◆ **Information shown**:

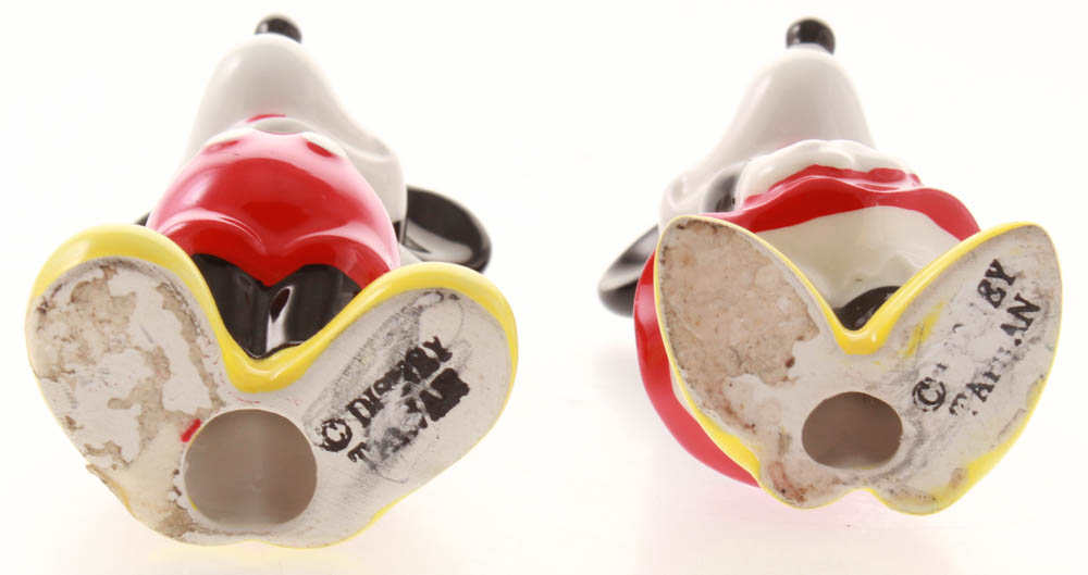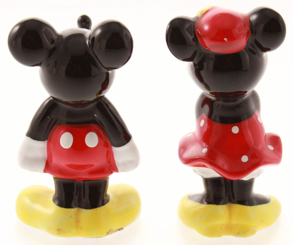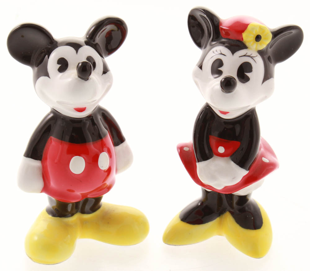 Vintage 1970's ceramic Mickey and Minnie Mouse figurines measure approximately 4" in size. Figurines include display case as shown.
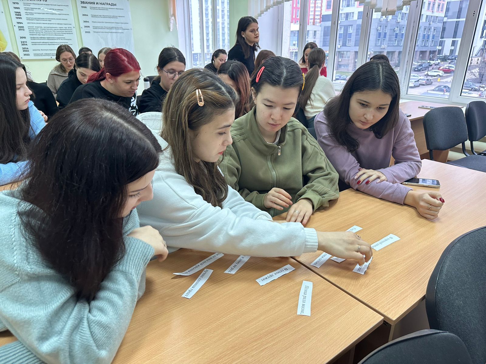 Студенты активно обсуждали важные аспекты семейных отношений, делились своими мыслями и взглядами на эту тему. В начале мероприятия они получили практическое задание — составить цитаты о семье и высказать свое мнение. Один из студентов отметил: - «Семья — это не только кровные узы, но и поддержка, которую мы даем друг другу в трудные времена». Это высказывание стало отправной точкой для дальнейших обсуждений.
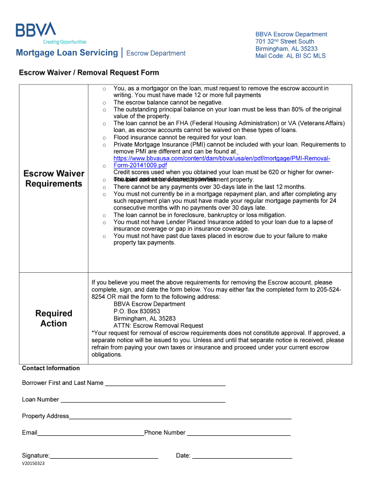 Mortgage Loan Servicing Escrow Department BBVA Escrow Department 701 32nd Street South Birmingham, AL 35233 Mail Code: AL BI SC Escrow Waiver / Removal Request Form o o o o o escrow Waiver Requirements

◆ **To do**: Exactly repeat only the lines from the one with "Студенты активно обсуждали" to the closing line above, both included, and omit every picture.

◆ **Exercise output**:
 Студенты активно обсуждали важные аспекты семейных отношений, делились своими мыслями и взглядами на эту тему. В начале мероприятия они получили практическое задание — составить цитаты о семье и высказать свое мнение. Один из студентов отметил: - «Семья — это не только кровные узы, но и поддержка, которую мы даем друг другу в трудные времена». Это высказывание стало отправной точкой для дальнейших обсуждений.
 Mortgage Loan Servicing Escrow Department BBVA Escrow Department 701 32nd Street South Birmingham, AL 35233 Mail Code: AL BI SC Escrow Waiver / Removal Request Form o o o o o escrow Waiver Requirements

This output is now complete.